Acclaimed poet Tracy Ryan’s ninth poetry collection, The Water Bearer, is an intimate exploration of water and its many forms, from filling a second-hand cooler in an old country house to swimming lessons and ocean riptides. In this stunning volume, Ryan explores water as the life-giving and life-taking force that defines our existence.

Was there ever a moment you realised you wanted to be a poet, or do you feel that it was always a part of your identity?

I always loved poems (beginning with nursery rhymes!) – and wrote little rhymes when I was quite young. But when I first thought seriously of poetry was in my teens. Teachers are such vital influences on writers. Back in 1980, when I was 16, our literature teacher at school took us to a ‘moved reading’ of the poems on the upper school syllabus. Professional actors with minimal props and setting brought the poems of Judith Wright, Robert Browning and others to life. I just sat there realising poetry was something more powerful than I had understood from reading it on the page – and that this was what I wanted to do with my life.

The pieces in The Water Bearer seem very cohesive; did you write any of these with the collection in mind or did they all just come together?

At the core of the book was the idea of writing about what it’s like being on ‘self-supply’ – where you don’t have mains water, but live off your own source, whether that’s rainwater tanks, or bores, or both. It’s often romanticised but it’s actually very conflicted. The poems on that topic were at the heart of the book. Then as I continued to write, it always seemed to relate to the theme of water – even when the topic was something completely different. So perhaps the theme was at the back of my mind – but the rest arose from daily experience.

As a well-practised writer, do you consider writing poetry to be a comfort or a challenge, or does it depend on the subject?

Sometimes it’s a comfort, like when it helps you process something you couldn’t deal with in a better way. More often a challenge, because every poem falls short of what you imagined or conceived. To quote a poem by Judith Wright, ‘the ungathered alone stays beautiful/ and the best poem is the poem I never wrote’.

Is there any piece of advice you can offer aspiring young poets?

If you read or listen to lots of poetry without borders, and without limitation on the era it came from, and keep writing and sharing it by whatever means, you will become known. Good poetry is too treasured by those who love it for them to ignore or miss out on any new form it takes.

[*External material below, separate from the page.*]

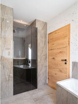 Für feine Behaglichkeit sorgen Echtholz-Parkettböden und Fußbodenheizung. Hochwertige Sanitärobjekte und moderne Fliesenkonzepte bestimmen den Standard der eleganten Bäder. Überhohe Räume und durchdachte Lichtkonzepte mit direkter und indirekter Beleuchtung verleihen allen Wohnungen Eleganz und Großzügigkeit. Modern, warm inszenierte Wandgestaltungen mit Spachteltechniken geben den großzügigen Räumen Behaglichkeit (können nach Kundenwunsch aber auch farblich adaptiert werden!).

What I mean is that all serious editors and book-buyers want to find great new stuff.

For writers the process of submitting work to journals, competitions and publishers can be daunting. How do you approach submitting work without being deterred by the possibility of rejection?

If you are deterred by the possibility of rejection, you should probably be doing something else. It’s a normal part of the process. You need to have self-belief and some stubbornness. As I said before, editors want to find great new poetry – that part is on your side. But of course you are dealing with the whole range of individual preferences that may not be on your side.

How do you write? Do you set goals and writing tasks for each day? Or do you rely on inspiration?

It varies depending on circumstances: a bit of both. At certain periods of my life I’ve had that sort of discipline, but then at other times I’ve had to wait for ideas and get them down when I could. At a minimum, I keep a journal as often as I can, and I think that is crucial for anyone who also wants the inspiration. It means your writing hand is always busy with something … you are still half-inhabiting the written world.